Marrone affected a deep sigh and rolled eyes toward the ceiling. “What is any of it all about? Life, eh?”

That just hit Luke wrong. Suddenly, he’d had enough. Enough of Marrone, enough of all his angles, his plans within plans. Enough of having to think like a damned pretzel to keep up, keep ahead.
Enough of being alone and lonely…
Enough of every damned thing. Elias could negotiate his own truce. He shot to his feet.

“If you’re going to feed me the usual bullshit, I’ll be on my way.”

“Steel, wait.” Marrone put up one slim-fingered hand.

Luke was already at the door, accessing his blood-location sense. If he hurried, he could catch up to Alexis before she left…not out of any need to see her, to touch her…sure, okay, he was lying to himself, but he also had a duty, simply to make sure she got off safely.

Behind him, Marrone said, “Don’t go. I think we have much in common. I know we have much to discuss.” The location of his voice changed slightly, as if he’d risen and come out from behind his desk.

But Luke was concentrating on Alexis. Strangely, when she pinged on his senses, she wasn’t as far as he expected. She was in the foyer and stationary.

Perhaps getting more water samples. Luke was curious why, but his protective instinct overrode curiosity, and he realized if he left now to catch up with her, Marrone might have the leisure to detect her via security cameras or other means. Better the male didn’t know what she was up to. Marrone’s idea of interrogation was along the lines of strip-mining.

Luke spun so fast that Marrone, sneaking up on him, actually put up both hands as if warding off a blow.
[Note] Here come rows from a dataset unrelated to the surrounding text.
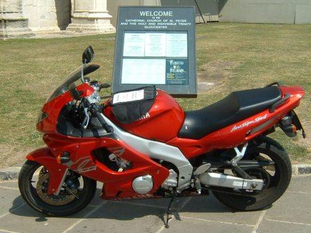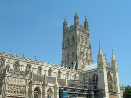 Hotter than ever - in fact the hottest July day since records began... Bearable in leathers at speed, but not so funny in town, looking around for the way to the cathedral. Accosted again - but this time by two girls from Severn Sound local radio station, giving away ice lollies as a promotion. Well, I'm advertising the station now, so I suppose it worked with me! The ice lolly was very welcome... What a magnificent cathedral - former abbey church which became a cathedral in 1542, the abbey having been dissolved in 1539 (same as Bristol). Splendid Perpendicular east end and tower, largely built within the Norman shell, using proceeds from pilgrims who came to visit the tomb of Edward II - cashing in on the tourists as they do now with Harry Potter fans coming to see the cloisters!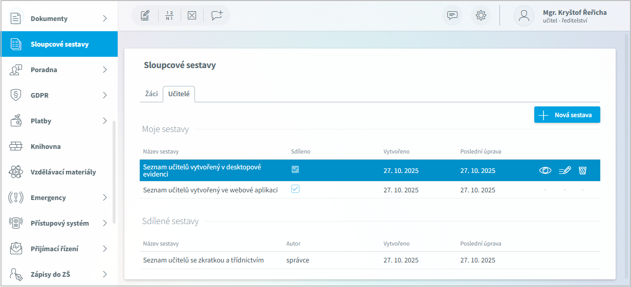V části Sdílené sestavy máme zobrazeny všechny sestavy ostatních učitelů, které poskytli ke sdílení.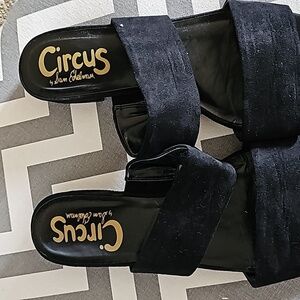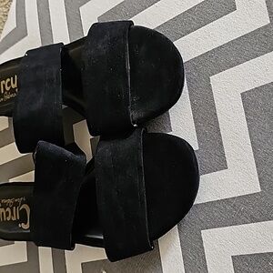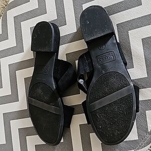 Black. The straps have a suede lile feel. Small feel so not completely flat. Good condition.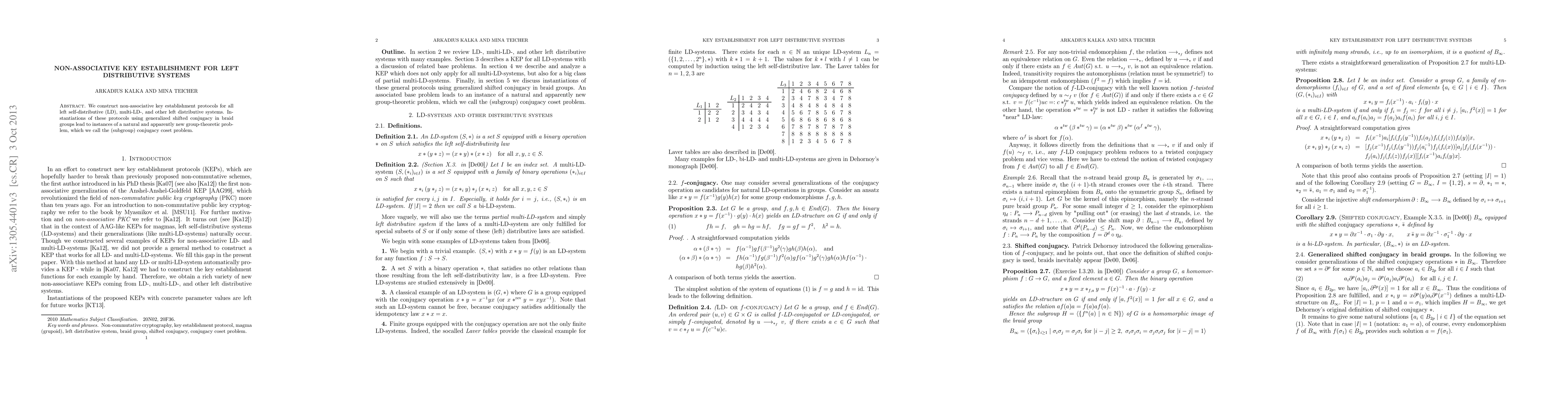 We construct non-associative key establishment protocols for all left self-distributive (LD), multi-LD-, and other left distributive systems. Instantiations of these protocols using generalized shifted conjugacy in braid groups lead to instances of a natural and apparently new group-theoretic problem, which we call the (subgroup) conjugacy coset problem.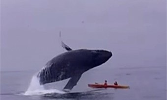 Они плыли на каяке в заливе Монтерей, в тот момент, когда гигантский 30-тонный кит внезапно вынырнул из воды, буквально, воспарив над людьми.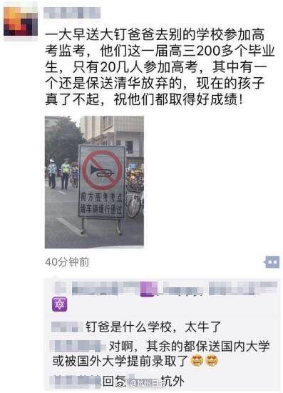 今天關(guān)于杭外有很多朋友圈傳言:一屆200多名畢業(yè)生只有20幾人參加高考,還有保送清華放棄的...經(jīng)記者核實(shí),這牛皮還真不是吹的。杭州外國(guó)語(yǔ)學(xué)校今年有209名畢業(yè)生,82人出國(guó),97人被保送,總共30人高考,其中還有3個(gè)參加中科大少年班的選拔的高二學(xué)生。不過(guò),放棄報(bào)送清華是假的。小編表示:學(xué)霸的世界真的不太懂...
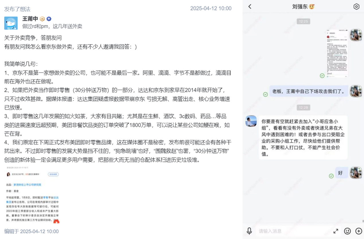 面對京東的一系列操作,王莆中發起了反擊。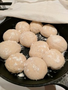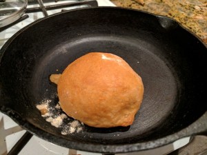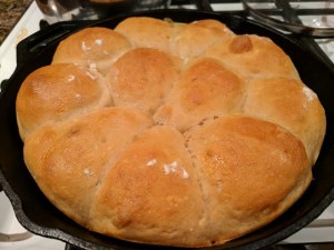 For this recipe, I did an egg wash on the dough and baked it for ~23 minutes (internal temp hit around 205F). The small cast iron was a tester for my wife to make sure it tasted okay.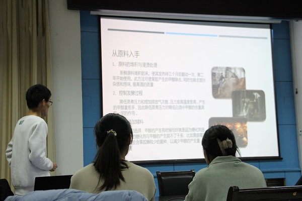 本次活动由青春社团主席李绍昱向大家介绍了自酿酒杂醇的产生以及去除。内容包括什么是杂醇,酒中常见杂醇的类型,各种醇类物质的产生以及去除方法。在活动过程中李绍昱主席以通俗易懂的学术语言,使协会成员对自酿酒中产生的杂醇和如何去除杂醇有了更好的理解。成员们在会议过程中认真听讲,反应良好,使本次会议取得了很好的效果。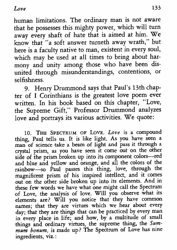 10. THE SPECTRUM OF LOVE. Love is a compound thing, Paul tells us. It is like light. As you have seen a man of science take a beam of light and pass it through a crystal prism, as you have seen it come out on the other side of the prism broken up into its component colors--red and blue and yellow and orange, and all the colors of the rainbow--so Paul passes this thing, love, through the magnificent prism of his inspired intellect, and it comes out on the other side broken up into its elements. And in these few words we have what one might call the Spectrum of Love, the analysis of love. Will you observe what its elements are? Will you notice that they have common names; that they are virtues which we hear about every day; that they are things that can be practiced by every man in every

“Does this mean you’re amenable?” The male grinned to cover but left his hands raised.

“It means I’ll listen to what you have to say.” Luke stalked past Marrone to the corner conversation area and sat in the tallest chair. He had to force himself to relax, to ease into his insouciant personality. What was automatic for his brother was studied for him, at least since the attack that left his wife dead.
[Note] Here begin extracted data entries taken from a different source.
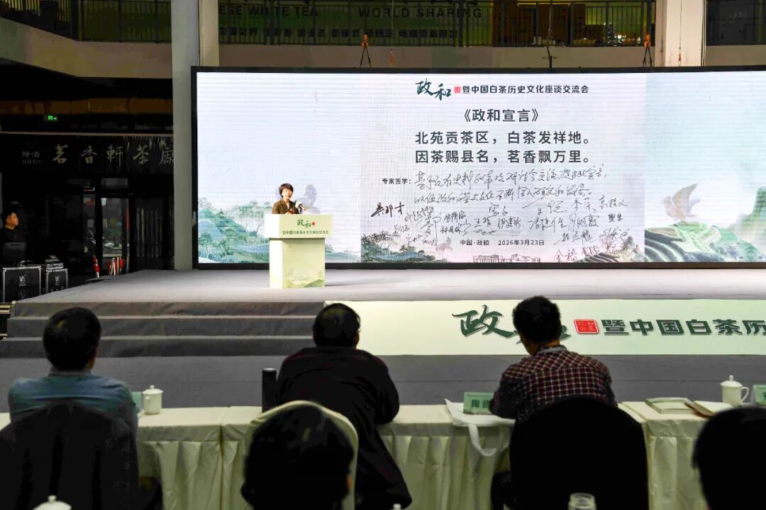 ▲茶文化座谈交流会现场 会上,与会专家学者结合现有史料,经座谈交流形成“北苑贡茶区,白茶发祥地;因茶赐县名,茗香飘万里” 的共识,并正式发布《政和宣言》,为后续政和白茶文化的深度研究与持续发展奠定了坚实基础。 本次活动由中华全国供销合作总社杭州茶叶研究所、浙江大学茶叶研究所指导,政和县海峡茶业交流协会承办,《中华合作时报·茶周刊》、中国白茶城、福建省隆合茶业有限公司、福建省政和云根茶业有限公司、福建政和瑞茗茶业有限公司、福建大与实业有限公司协办。(王诗琪 余长青 魏春柳 廖文鹏) |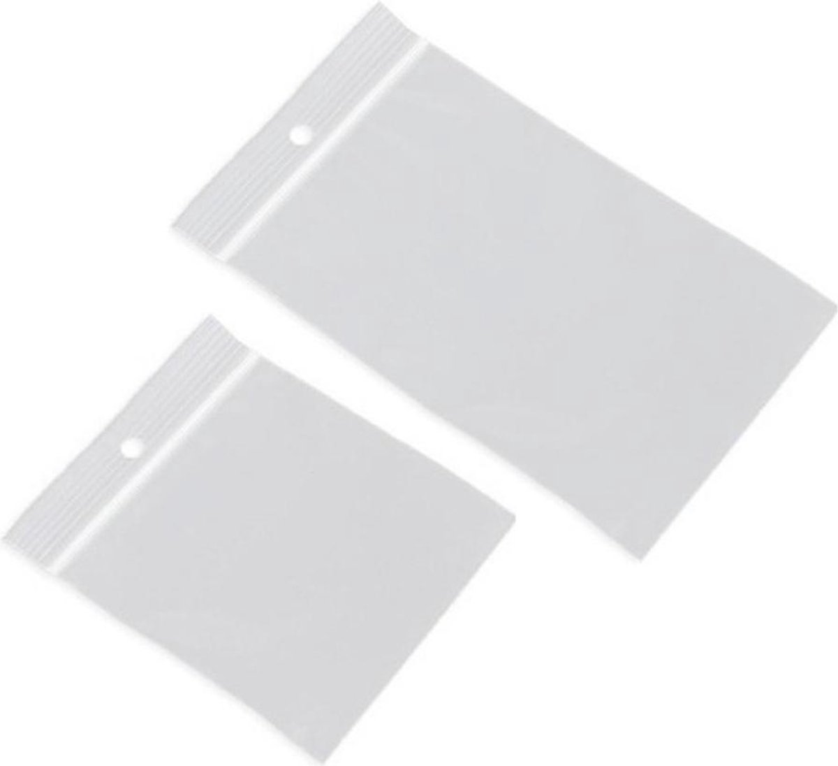 200x Gripzakjes/verpakkingszakjes 40 x 40 mm en 40 x 60 mm. Plastic hersluitbare verpakkingszakjes met gripsluiting/druksluiting, in twee formaten. Aantal zakjes: 200x, verdeeld over 100 stuks 40 x 40 mm en 100 stuks 40 x 60 mm. Formaat: 40 x 40 mm (4 x 4 cm) en 40 x 60 mm (4 x 6 cm). Ophanggaatje: 5 mm rond ponsgat. Kleur: transparant met witte streep. Materiaal: LDPE (lagedichtheidpolyetheen, een soort plastic/kunststof). Dikte: 50 micron. U kunt, indien gewenst, met een watervaste stift/markeerstift iets op het zakje schrijven. De tekst wel even afdeppen/laten drogen zodat de stift niet meer afgeeft. Handige plastic verpakkingsmateriaal zakjes voor hobbyprojecten of voor het bewaren van kruiden, kraaltjes, muntjes, schroefjes, pluggen of andere kleine producten. Ook uitermate geschikt voor het presenteren of verzenden van kleine onderdelen/producten. bestaande uit 1x 100x Gripzakjes/verpakkingszakjes 40 x 40 mm/4 x 4 cm, 1x 100x Gripzakjes/verpakkingszakjes 40 x 60 mm/4 x 6 cm
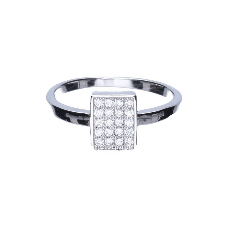 RING, 925er SILBER, RHODIUMBESCHICHTET, WEISSES ZIRKONIA, MIKROSETZUNG, RECHTECK, GRÖSSE 6 mm x 8 mm.

He toyed with a small sculpture on the end table nearest him. “Why BlooDrug? My five-year-old niece could come up with a better name.”

“She hasn’t inherited the family propensity to pun? How unfortunate.” Marrone set Luke’s glass on the table beside him and slung himself into a chair opposite.

“What pun is bloodrug?”

“What you sweep blood under, naturally.”

“Not much of a pun, either.”

“Isn’t it?” Marrone shrugged, then held up his glass. “Then let’s hope I’m better at negotiation. To making peace.”

Luke grabbed the glass on his side and lifted it. “Making peace.” He tipped it toward the other male and brought it to his lips.

After surreptitiously filling a second sample tube from the drinking fountain and a third from the waterfall and pausing to label all three with my felt-tip pen, I hurried to the parking lot.

I was in my car and about to drive off in relief when another thought hit me. On arrival, I’d been overwhelmed with the forty-story office building. Forty floors, not thirty-nine.

I wanted to get out of there. I didn’t want to stop, to take the time to double check my faint suspicions. Obviously, I’d simply made a mistake estimating. No reason to think everything else, elevator, suite numbering and Marrone, were wrong, especially when balanced against my quick appraisal. I was only one floor off.

But something, maybe thin-slicing again—certainly not the vague, disturbed feeling in my middle—made me get out of the car.

I shielded my eyes against the sun and counted. Twice.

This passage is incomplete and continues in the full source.